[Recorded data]
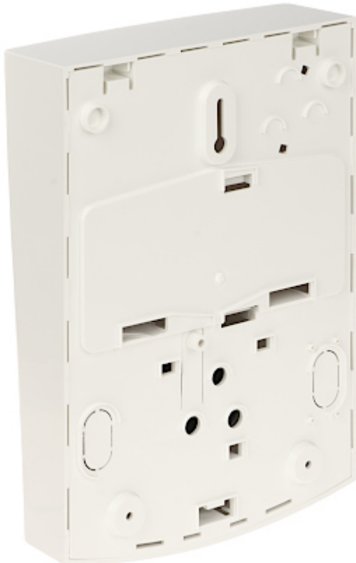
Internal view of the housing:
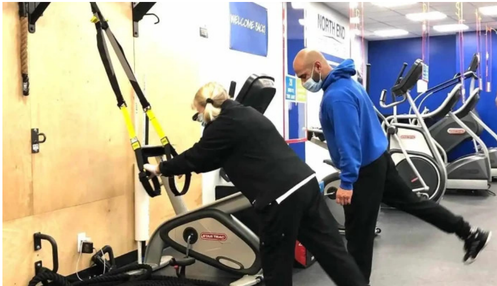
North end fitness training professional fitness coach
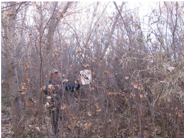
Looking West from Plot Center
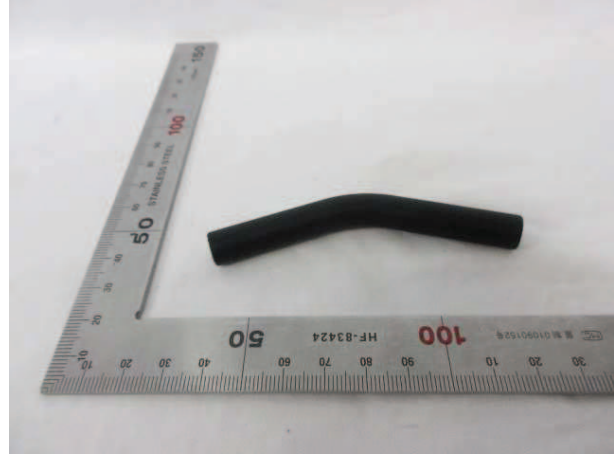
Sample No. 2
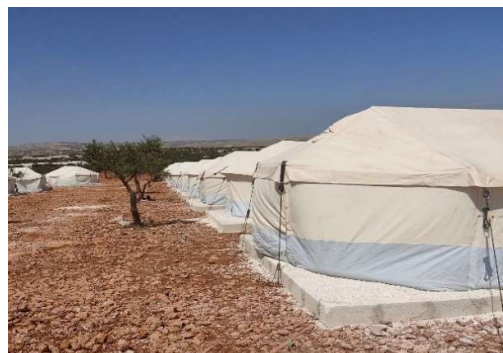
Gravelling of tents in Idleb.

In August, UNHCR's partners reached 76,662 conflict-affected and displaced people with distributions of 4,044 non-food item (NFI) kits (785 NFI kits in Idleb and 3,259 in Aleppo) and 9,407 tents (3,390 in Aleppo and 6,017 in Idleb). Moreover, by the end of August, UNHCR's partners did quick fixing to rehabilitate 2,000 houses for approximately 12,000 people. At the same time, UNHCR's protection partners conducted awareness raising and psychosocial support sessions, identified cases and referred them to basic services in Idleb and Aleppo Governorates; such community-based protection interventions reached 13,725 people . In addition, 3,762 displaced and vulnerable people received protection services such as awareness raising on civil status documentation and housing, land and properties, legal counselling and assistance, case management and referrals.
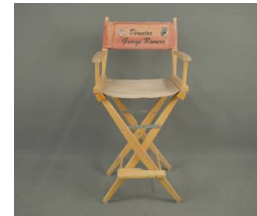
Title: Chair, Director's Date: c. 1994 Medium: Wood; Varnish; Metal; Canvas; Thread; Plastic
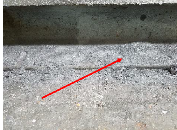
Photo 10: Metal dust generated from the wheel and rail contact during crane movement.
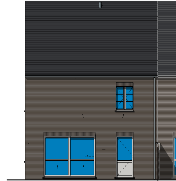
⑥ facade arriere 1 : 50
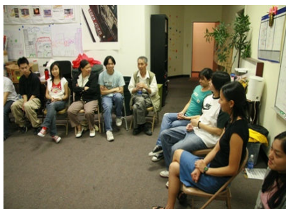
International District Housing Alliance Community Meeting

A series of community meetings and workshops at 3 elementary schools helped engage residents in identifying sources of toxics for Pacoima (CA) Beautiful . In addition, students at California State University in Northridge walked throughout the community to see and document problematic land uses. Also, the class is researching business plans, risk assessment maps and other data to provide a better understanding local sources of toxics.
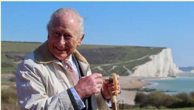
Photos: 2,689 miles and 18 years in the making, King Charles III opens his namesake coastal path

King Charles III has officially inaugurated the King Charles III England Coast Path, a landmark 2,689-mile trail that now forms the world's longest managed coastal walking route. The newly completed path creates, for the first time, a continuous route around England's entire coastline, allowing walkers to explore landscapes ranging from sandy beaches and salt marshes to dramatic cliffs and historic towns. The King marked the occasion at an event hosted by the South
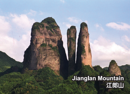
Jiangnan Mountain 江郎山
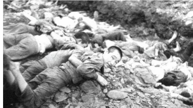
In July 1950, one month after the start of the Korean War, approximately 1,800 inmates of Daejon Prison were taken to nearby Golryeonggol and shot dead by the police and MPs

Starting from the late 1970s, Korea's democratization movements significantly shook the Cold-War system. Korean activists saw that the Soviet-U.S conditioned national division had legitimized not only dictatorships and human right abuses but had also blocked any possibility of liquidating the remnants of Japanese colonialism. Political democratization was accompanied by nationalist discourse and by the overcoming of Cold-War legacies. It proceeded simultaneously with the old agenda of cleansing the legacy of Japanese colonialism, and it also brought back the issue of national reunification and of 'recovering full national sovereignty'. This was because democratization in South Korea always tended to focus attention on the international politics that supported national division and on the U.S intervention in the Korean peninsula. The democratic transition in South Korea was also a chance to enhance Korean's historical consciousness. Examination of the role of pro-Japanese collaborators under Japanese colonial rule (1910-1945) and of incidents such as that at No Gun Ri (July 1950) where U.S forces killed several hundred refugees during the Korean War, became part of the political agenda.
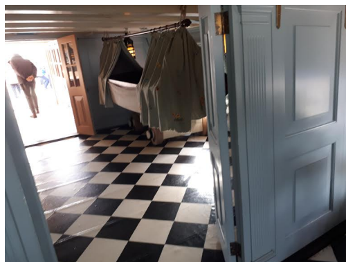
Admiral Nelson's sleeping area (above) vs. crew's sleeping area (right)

### [Work instructions]
Beginning at the line above that contains "A series of" and going on through the line that contains "Photos: 2,689 miles", please copy every line exactly, leaving the pictures out and adding nothing.

### [Answer to the problem]
A series of community meetings and workshops at 3 elementary schools helped engage residents in identifying sources of toxics for Pacoima (CA) Beautiful . In addition, students at California State University in Northridge walked throughout the community to see and document problematic land uses. Also, the class is researching business plans, risk assessment maps and other data to provide a better understanding local sources of toxics.
Photos: 2,689 miles and 18 years in the making, King Charles III opens his namesake coastal path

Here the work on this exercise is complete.